In both Aparicio’s article on Singing the Gender Wars and in Grupo Niche’s salsa Youtube clip, there are acute references to (hetero)sexual violence and to men’s assumed dominance over women. Clearly, these ideas are not only present in Latin@ cultural music but also in numerous styles of song and dance, one of which came to mind readily when I heard Grupo Niche’s explicit recitation of how a man is going to beat his woman with “the tip of the stick, half the stick, the whole stick.” This concept of using a stick to exert dominance, both sexually and authoritatively, is not a new one and I could not help but think of one of the songs by possibly the most controversial entertainers of our generation; Lady Gaga. What came to mind was her song “Love Game”, where she uses the term “disco stick” to refer to a similar idea of Grupo Niche's, however in a less violent, more playful yet still powerful context.
In her music video posted above, Gaga holds a staff of some sort no doubt referring back to her idea of a “disco stick” with a glowing apparatus at the top. Surrounding her, men watch her every move, mesmerized by both the way she moves her hips and the way she asserts superiority over the men with her staff, as if she is ruling over them. The video cuts to Gaga, naked but slightly covered in sequins and gems, in a room with two men, and later to a clip of her pushing a policeman and policewoman into a booth and behaving sexually promiscuous with each of them. Her sexual promiscuity is evidently used as a tool of empowerment for her because both the men and the women she goes after comply with a seemingly blind devotion; as if they would do anything for her.

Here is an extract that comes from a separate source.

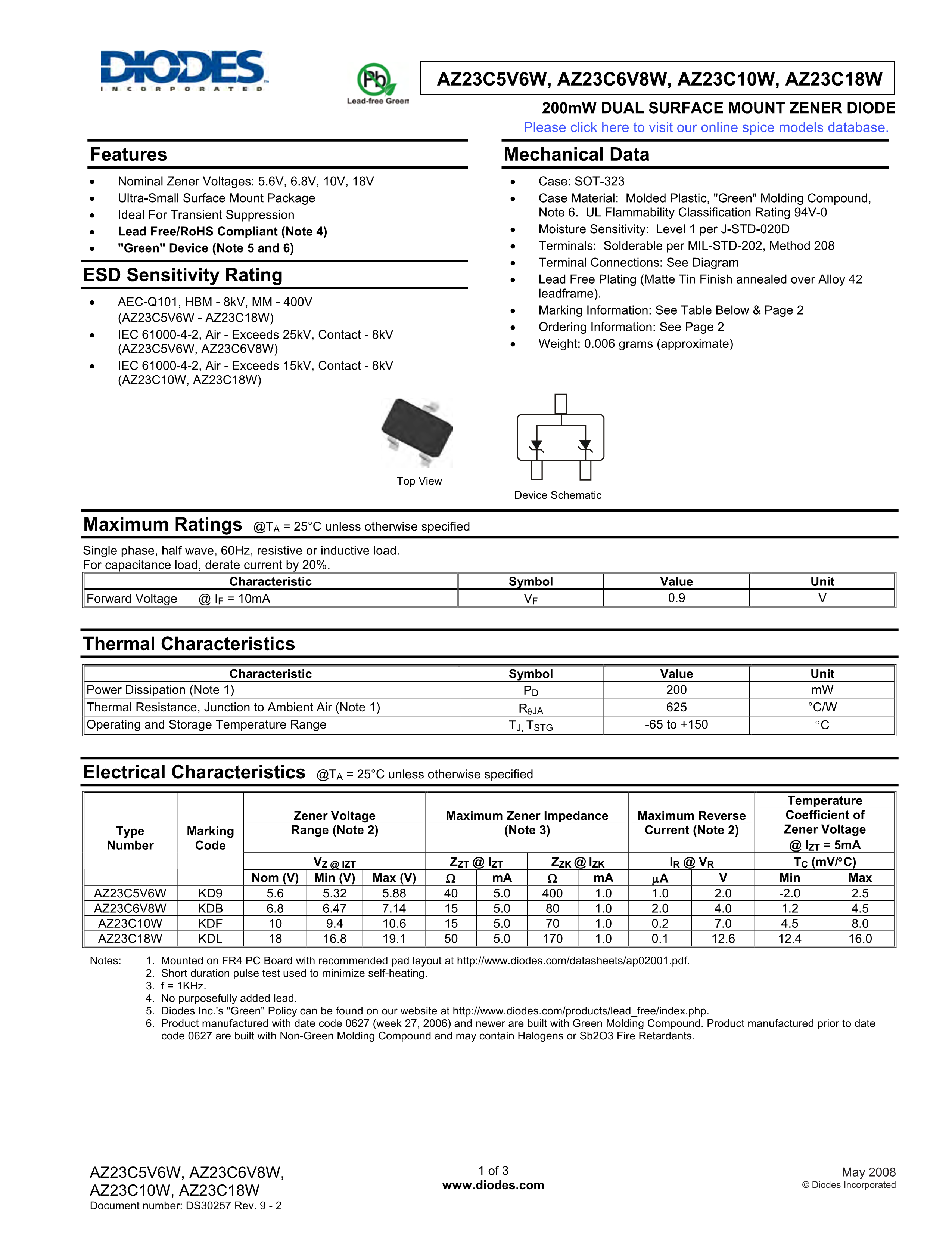 AZ23C5V6W-7-F数据手册SOT-323封装DIODES(美台)PDF规格书,中英文下载
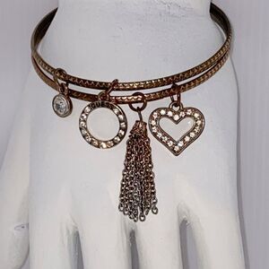 Guess Antique Style 2 Bangle Charm Bracelet Heart & Circle Rhinestone Tassle

Whereas Grupo Niche’s song uses the idea of a stick to exert violent power over the opposite sex, Lady Gaga uses the same idea to evoke a kind of sexually mesmerizing power, less violent than Grupo Niche’s, over both men and women. Being a woman herself, there are obvious lesbian and bisexual references that are present in this video and in other Latin@ music like Chabela Vargas’s. Gaga’s music video also parallels greatly the type of sexual empowerment that Celia Cruz’s “La Negra Tiene Tumbao” does in the fact that Gaga struts and dances half naked in front of men, painted in glitter instead of gold.